Sur les frais du procès et l’exécution provisoire
La société MEG PATRIMOINE, partie perdante, supportera les dépens, en ce non compris les frais de géomètre-expert qui ne relève pas des dépens.
La société MEG PATRIMOINE sera en outre condamnée à verser à M. [J] [W] [N] et Mme [K] [I] ép. [N] la somme de 1500 euros en application de l’article 700 du code de procédure civile et sera déboutée de sa demande à ce titre.
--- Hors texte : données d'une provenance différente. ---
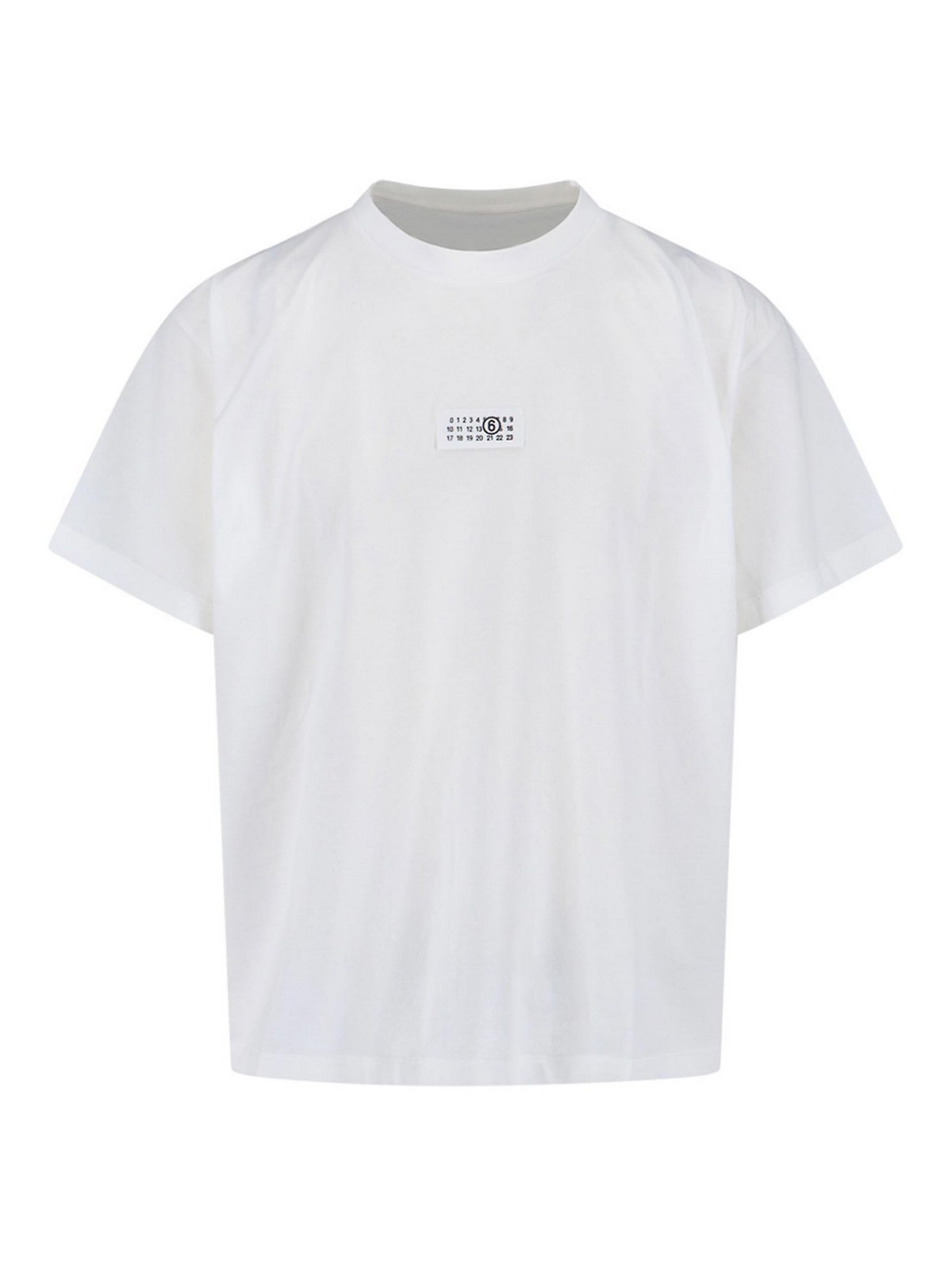 numeric mm6 maison margiela t-shirt, in white cotton, crew neck, dropped shoulders, short sleeves, numeric logo label on the front, ribbed finishes, straight hem.

L’exécution provisoire est de plein droit en application de l’article 514 du code de procédure civile.
PAR CES MOTIFS,
La juge des contentieux de la protection, statuant après débats publics, par jugement mis à disposition au greffe, contradictoire et en premier ressort,
PRONONCE la nullité du congé pour vendre délivré par la société MEG PATRIMOINE à M. [J] [W] [N] et Mme [K] [I] ép. [N] le 7 juin 2024 ;
DEBOUTE en conséquence la société MEG PATRIMOINE de l’ensemble de ses demandes ;
CONDAMNE la société MEG PATRIMOINE aux dépens, en ce non compris les frais de géomètre-expert ;
CONDAMNE la société MEG PATRIMOINE à payer à M. [J] [W] [N] et Mme [K] [I] ép. [N] la somme de 1500 euros au titre de l’article 700 du code de procédure civile et la déboute de sa demande à ce titre.